Start of DATA LISTING

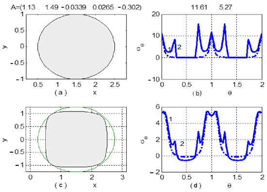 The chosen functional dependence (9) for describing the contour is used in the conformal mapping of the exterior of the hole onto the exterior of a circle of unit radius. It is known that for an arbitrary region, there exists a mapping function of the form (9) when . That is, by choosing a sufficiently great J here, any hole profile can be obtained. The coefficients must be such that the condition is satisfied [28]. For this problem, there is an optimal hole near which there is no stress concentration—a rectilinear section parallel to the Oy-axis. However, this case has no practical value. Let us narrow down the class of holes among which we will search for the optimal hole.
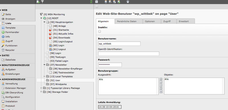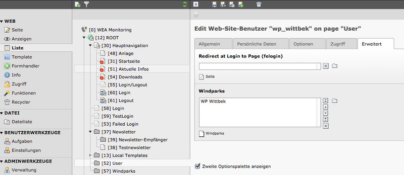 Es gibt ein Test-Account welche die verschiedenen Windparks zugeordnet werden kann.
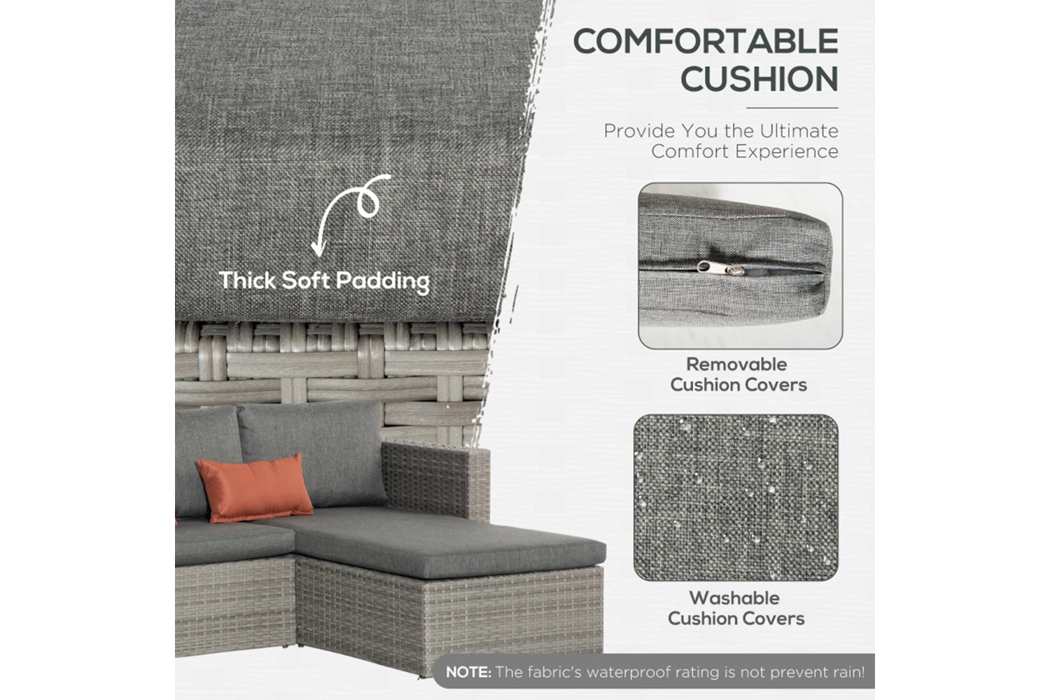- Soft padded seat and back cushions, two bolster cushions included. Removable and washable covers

End of DATA LISTING
Start of DATA LISTING

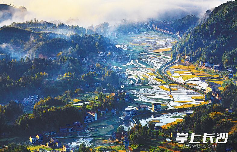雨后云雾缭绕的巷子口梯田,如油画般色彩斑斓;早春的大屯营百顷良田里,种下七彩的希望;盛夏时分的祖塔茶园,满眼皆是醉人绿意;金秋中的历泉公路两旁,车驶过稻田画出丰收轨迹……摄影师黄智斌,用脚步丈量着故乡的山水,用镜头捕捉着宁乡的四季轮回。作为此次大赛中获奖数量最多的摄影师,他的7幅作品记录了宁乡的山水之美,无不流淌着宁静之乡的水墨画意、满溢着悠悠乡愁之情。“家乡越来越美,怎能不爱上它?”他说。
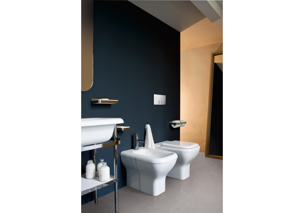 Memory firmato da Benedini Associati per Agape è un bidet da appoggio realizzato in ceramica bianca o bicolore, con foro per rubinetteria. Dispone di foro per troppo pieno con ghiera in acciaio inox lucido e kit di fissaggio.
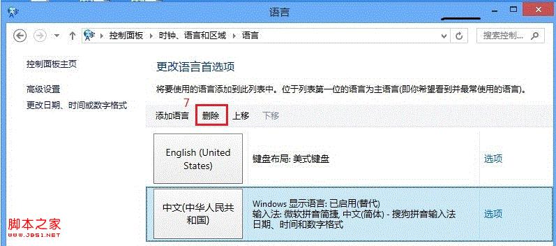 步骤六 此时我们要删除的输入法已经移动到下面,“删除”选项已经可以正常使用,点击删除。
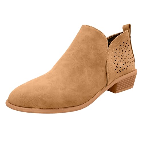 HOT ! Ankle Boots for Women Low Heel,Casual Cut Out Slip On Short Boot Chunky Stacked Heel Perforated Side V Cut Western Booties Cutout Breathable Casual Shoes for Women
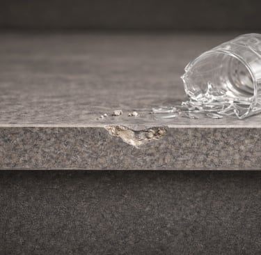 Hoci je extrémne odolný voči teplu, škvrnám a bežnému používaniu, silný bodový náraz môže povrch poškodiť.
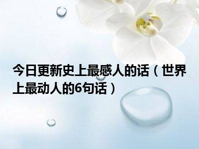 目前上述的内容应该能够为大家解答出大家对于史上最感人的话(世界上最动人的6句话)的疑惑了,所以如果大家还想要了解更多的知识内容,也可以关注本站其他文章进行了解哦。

End of DATA LISTING
Start of DATA LISTING

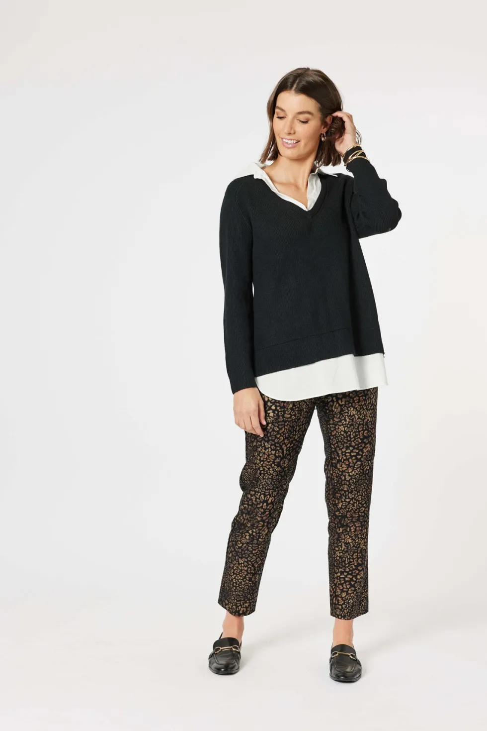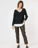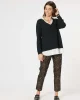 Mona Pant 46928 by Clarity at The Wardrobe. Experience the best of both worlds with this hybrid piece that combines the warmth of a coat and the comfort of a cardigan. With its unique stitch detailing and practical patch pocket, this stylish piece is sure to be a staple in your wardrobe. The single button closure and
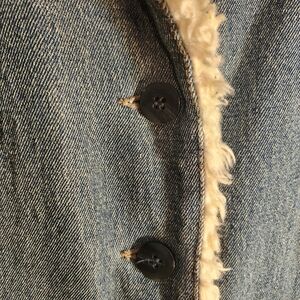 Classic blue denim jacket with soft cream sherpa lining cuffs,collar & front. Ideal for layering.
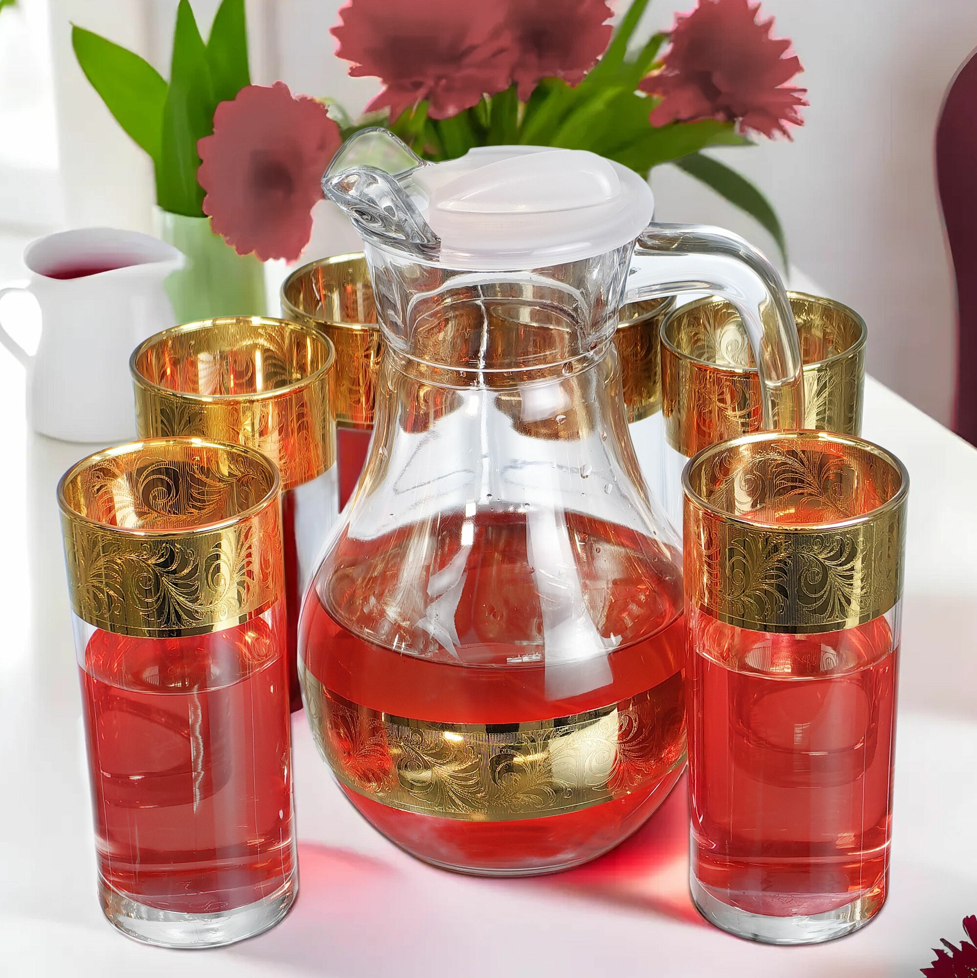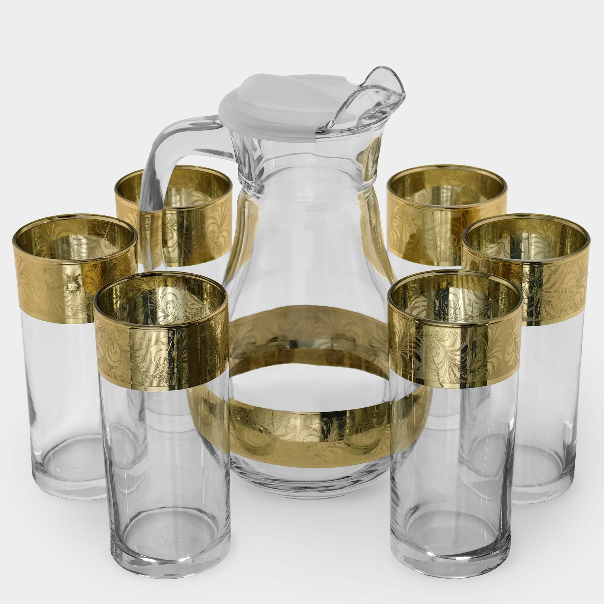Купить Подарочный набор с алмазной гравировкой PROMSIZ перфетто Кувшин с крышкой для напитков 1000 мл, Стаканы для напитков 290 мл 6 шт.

End of DATA LISTING

* PROBLEM TO WORK ON: Transcribe exactly the lines above, beginning at the one with "Es gibt ein" and going up to and including the one with "- Soft padded". Pictures do not belong in the copy.

* YOUR RESPONSE:
 Es gibt ein Test-Account welche die verschiedenen Windparks zugeordnet werden kann.
- Soft padded seat and back cushions, two bolster cushions included. Removable and washable covers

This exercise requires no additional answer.